RECORDS SUPPLIED

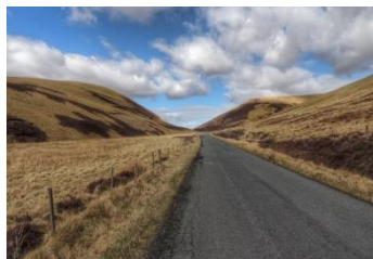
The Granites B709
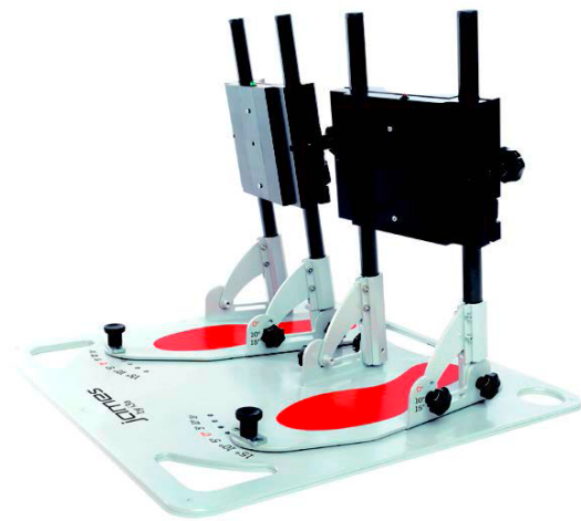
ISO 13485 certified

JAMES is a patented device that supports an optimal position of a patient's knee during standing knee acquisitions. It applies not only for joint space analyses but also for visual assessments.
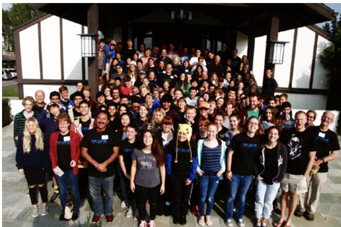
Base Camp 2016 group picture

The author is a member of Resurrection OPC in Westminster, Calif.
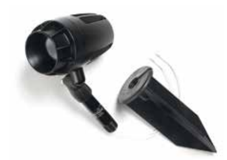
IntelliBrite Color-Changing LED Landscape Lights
--
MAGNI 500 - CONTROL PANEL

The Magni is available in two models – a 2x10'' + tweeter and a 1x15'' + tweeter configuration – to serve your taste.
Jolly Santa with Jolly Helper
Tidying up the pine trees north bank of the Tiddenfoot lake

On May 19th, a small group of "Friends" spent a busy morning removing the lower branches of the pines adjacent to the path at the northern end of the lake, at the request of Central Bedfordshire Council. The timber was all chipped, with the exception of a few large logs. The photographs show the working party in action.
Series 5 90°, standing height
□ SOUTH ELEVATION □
* * *
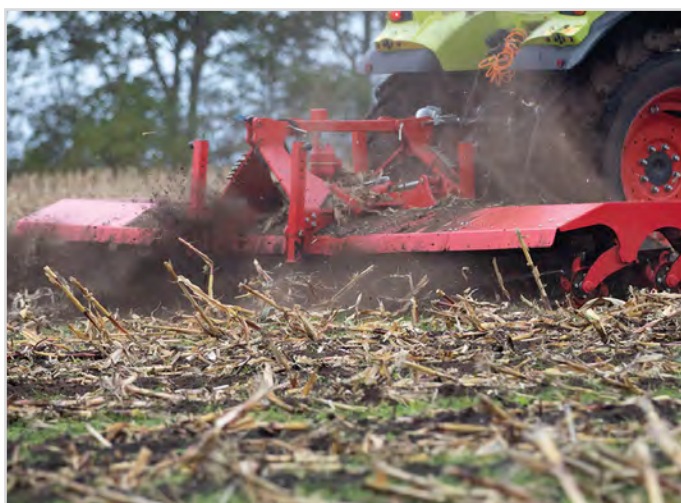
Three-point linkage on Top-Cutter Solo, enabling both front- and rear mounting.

DIRECTIONS
Where the string "group" appears in a line of the entries above, return that line.

ANSWER TO THIS EXERCISE
Base Camp 2016 group picture
On May 19th, a small group of "Friends" spent a busy morning removing the lower branches of the pines adjacent to the path at the northern end of the lake, at the request of Central Bedfordshire Council. The timber was all chipped, with the exception of a few large logs. The photographs show the working party in action.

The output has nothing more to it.